I just want to be able to have the scripts which are loaded in the header- load from the root site resource folder if there are multiple gallerys
you can put all the code under a single class name e.g. Mydata.yourvariable
and then check ..
if (Mydata) { //your script has already been loaded }
it's similar to what jQuery does with $
Check out Javascript file dependencies - Selective load resource files & prevent duplicates Also check out this http://toscawidgets.org/documentation/ToscaWidgets/require_once.html
Perhaps you could try something like this:
in index.html (or another html file) you do:
<html>
<head>
<!-- use this if you need custom location, omit for the default one -->
<script type="text/javascript">
var GALLERY_PATH = "/gallery/";
</script>
<!-- ------------------- -->
<script type="text" src="/gallery/gallery.js"></script>
</head>
<body>
...
</body>
</html>
gallery.js:
var GALLERY_PATH = GALLERY_PATH || "http://mysite.com/default-gallery-location/";
document.write('<script type="text/javascript" src="' + GALLERY_PATH + '/js/_gallery.js"></script>')
document.write('<link rel="stylesheet" type="text/css" href="' + GALLERY_PATH + '/css/gallery.css">');
...
This way you easily include all files you need with the 1-liner and all files are loaded once.
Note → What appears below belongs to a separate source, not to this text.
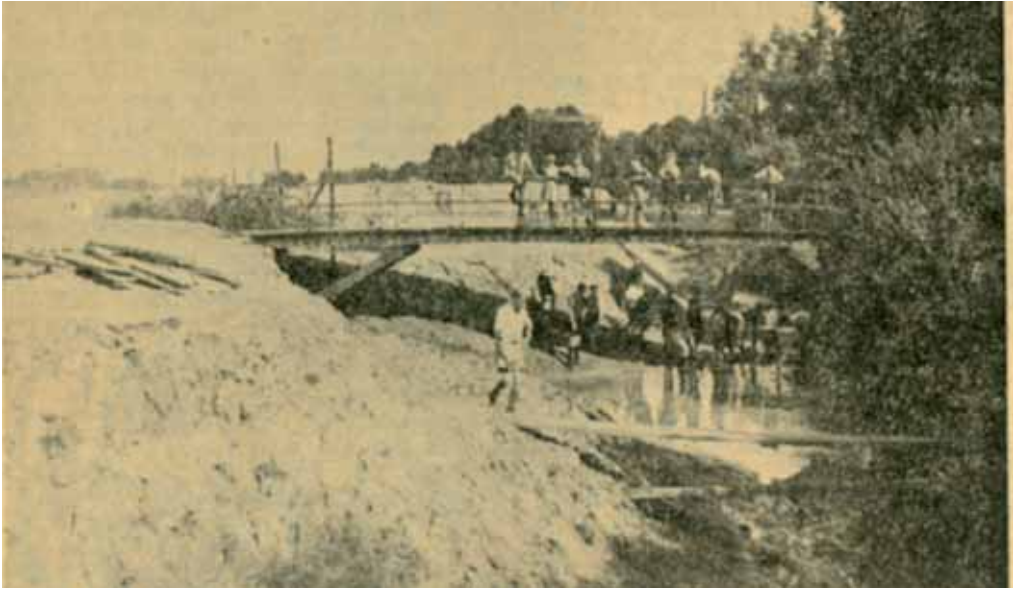
6. Het dempen van de oude Zaanmark bij het Boeimeerbruggetje om de aanleg van de Irenestraat mogelijk te maken.

(de latere Markendaalseweg) Deze kon aansluiten op de toekomstige Graaf Hendrik III laan via de nog aan te leggen Irenestraat.

Hope it helps, of course if I understood the problem correctly ;)
If you found too much hard to handle it with javascript, you can do from server. That depends if the problem is the double call, or the Kb download resource used.
On the last case you can simply enable some cache driver to your web server, like Varnish or MemCache. Once you put a cache you have not to worry about double file loading anymore.
If you want to avoid lot of loads from the same javascript script, you can add a local counter then put 1 when it has loaded once. You will edit the initial call function to test if it's currently loaded, then avoid.
If you have lot of js files, and just wanna avoid calling the same resource twice of more, use session cookie to store the counter.